I write to self-examine, but more importantly, I write to understand whatever it is I learn about myself and try to connect it with what everyone else might feel in common. Connections, for me--and I think for all of us--have become very important. My writing is my way of reaching out from that Self and feeling a bond with others. Otherwise, it would be pointless. What would be the purpose of writing about it if it were unique to me alone and meant nothing to anyone else? It would simply be an opinion, or an internal conversation expressed externally, and my internal conversations—for the most-part—are really not that unique or interesting. That I can express them may be. And even as I try to compose my thoughts for this essay I am asking myself what might even be interesting to anyone about the question that titles it. When I answer that question, what is the “so what” that follows for the reader?

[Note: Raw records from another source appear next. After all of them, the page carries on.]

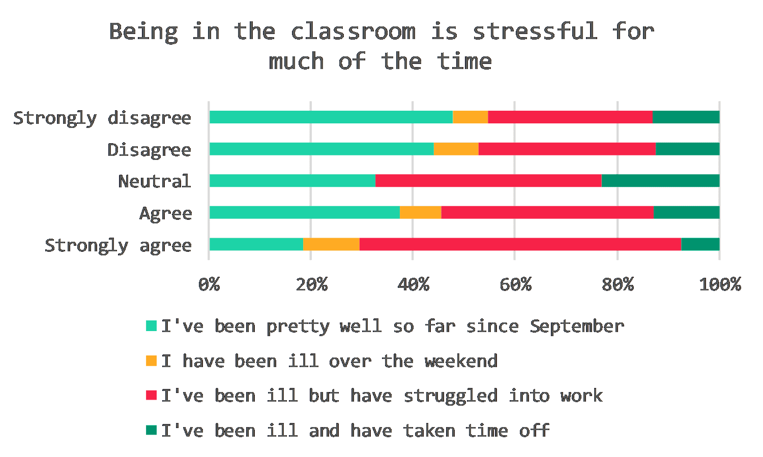 People who strongly agree their classroom is stressful were the most likely to feel ill but also the least likely to take time off.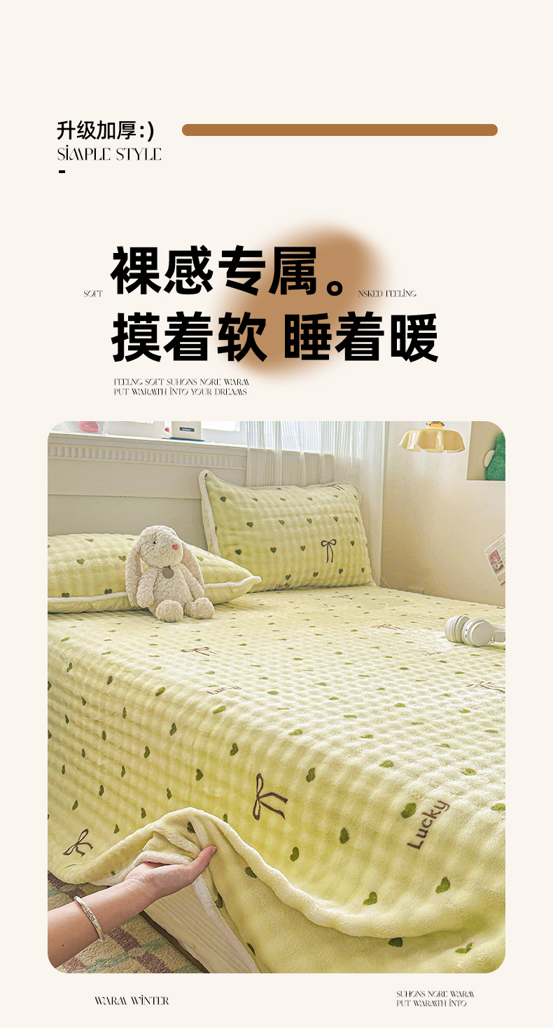 丝芙妮家居(原乐视家纺) 2025新款A类牛奶泡泡绒印花单品床单 心愿蝴蝶-绿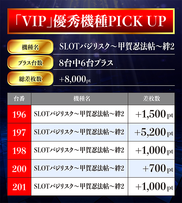196番台から201番台までの6台に笑顔が続き、197番台は+5,000ptを上回った。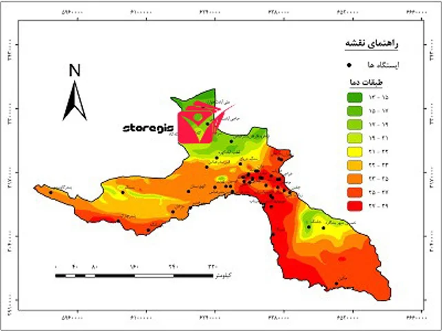 نقشه طبقات دما استان هرمزگان تصویر طبقات دما و ایستگاه های هواشناسی و اقلیم شناسی.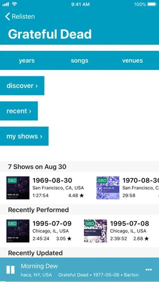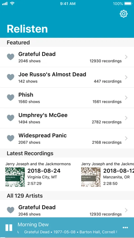 The power of Relisten.net in the palm of your hand! Listen to any song from over 100 artists!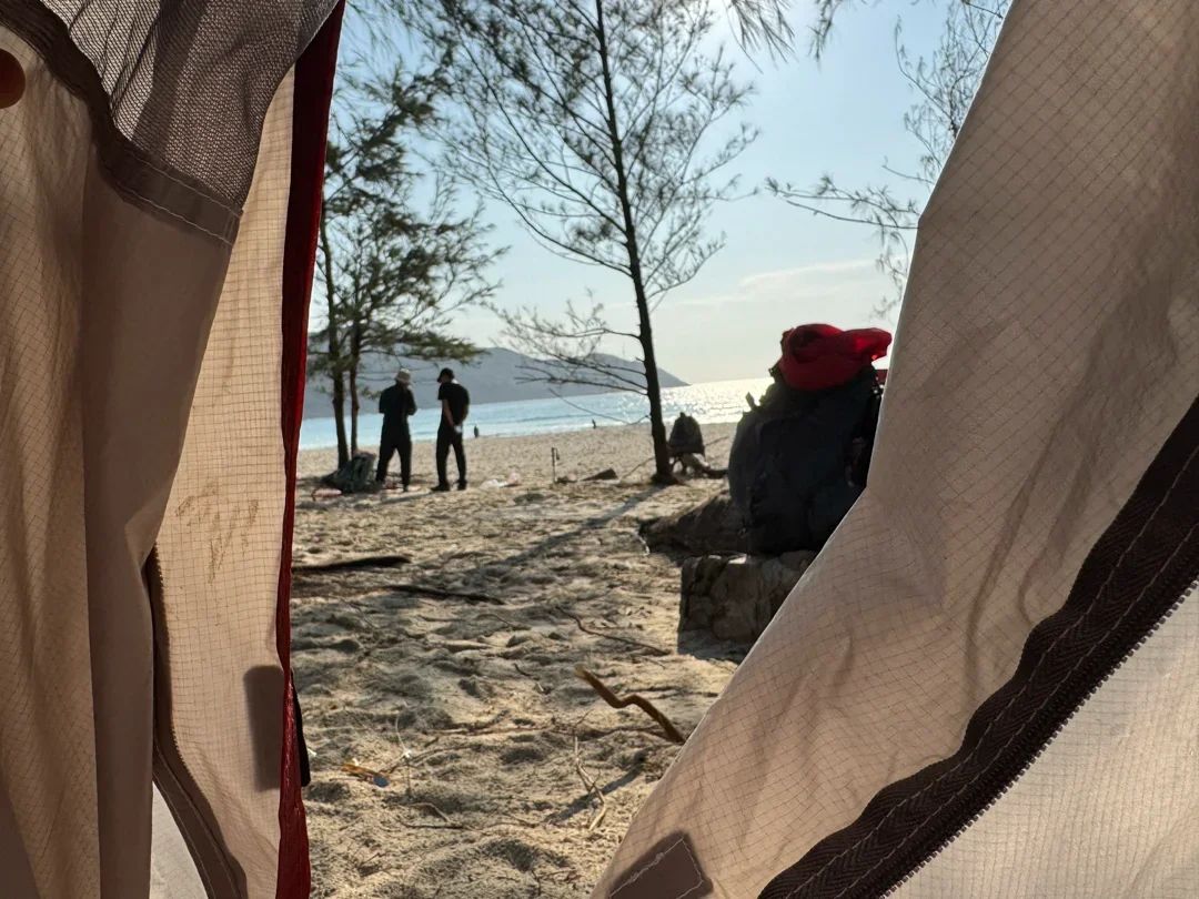晚上到了营地扎营,怕野猪闻到食物气味过来,所以带的没有味道的干巴面包啃营地沿海,风很大很大,需要用沙钉才能稳住帐篷第二天拉开帐篷就可以看到漂亮的大海

In this case, it may only be this: we are all at an age now where we have been fairly shaped by our experiences. We are not pups, nor are we ready for rocking chairs. We are in the comfort zone, where we really don’t have anything to prove to anyone anymore. We are also at a time in our lives where we are more likely to reflect on what it is we have done, what we still want to do, what it all has meant, and—more importantly—what it may mean to those we love and care for. We have enough experience behind us to be knowledgeable, and enough maturity within us to apply that knowledge in much better ways than we would have in previous years. We are also beginning to think of our legacy. What is it that we represent, what do we do that matters, and what is it that we should do from our positioning in that “comfort zone” that may be selfless?

So maybe that is why I write now. And maybe that is why I write more (and hopefully better) now.

Just the other day, when I began to compose this note, I went back to "Reconciling" to reference a couple of comments that friends had made about that piece. They were gone. I'm not sure why, but I imagine it to be some sort of Facebook technology that deletes them after you have too many comments. There was a moment of disappointment for me in seeing that. It wasn't that any record of appreciation or accolade was gone; it was more like an erasure of the connection and conversation between the "me" in the essay and the "everyone else" in the comments. I was kind of bummed by that, even though I still carry the feelings that all those comments gave me. Human emotion-1, modern technology-0.

And in the end I also discovered in all of this a second, very compelling reason for why I write: I write to leave Megan and Kylee my legacy, or at least some sort of insight into who their father was on a level they may not always see. I try my best to be who I am consistently with them, but my role as their father and their youthful perspective may alter or filter that image. Maybe what I write now will mean something different to them when they are older, when they see me more as a person and less as an authority figure or caretaker. I certainly hope so.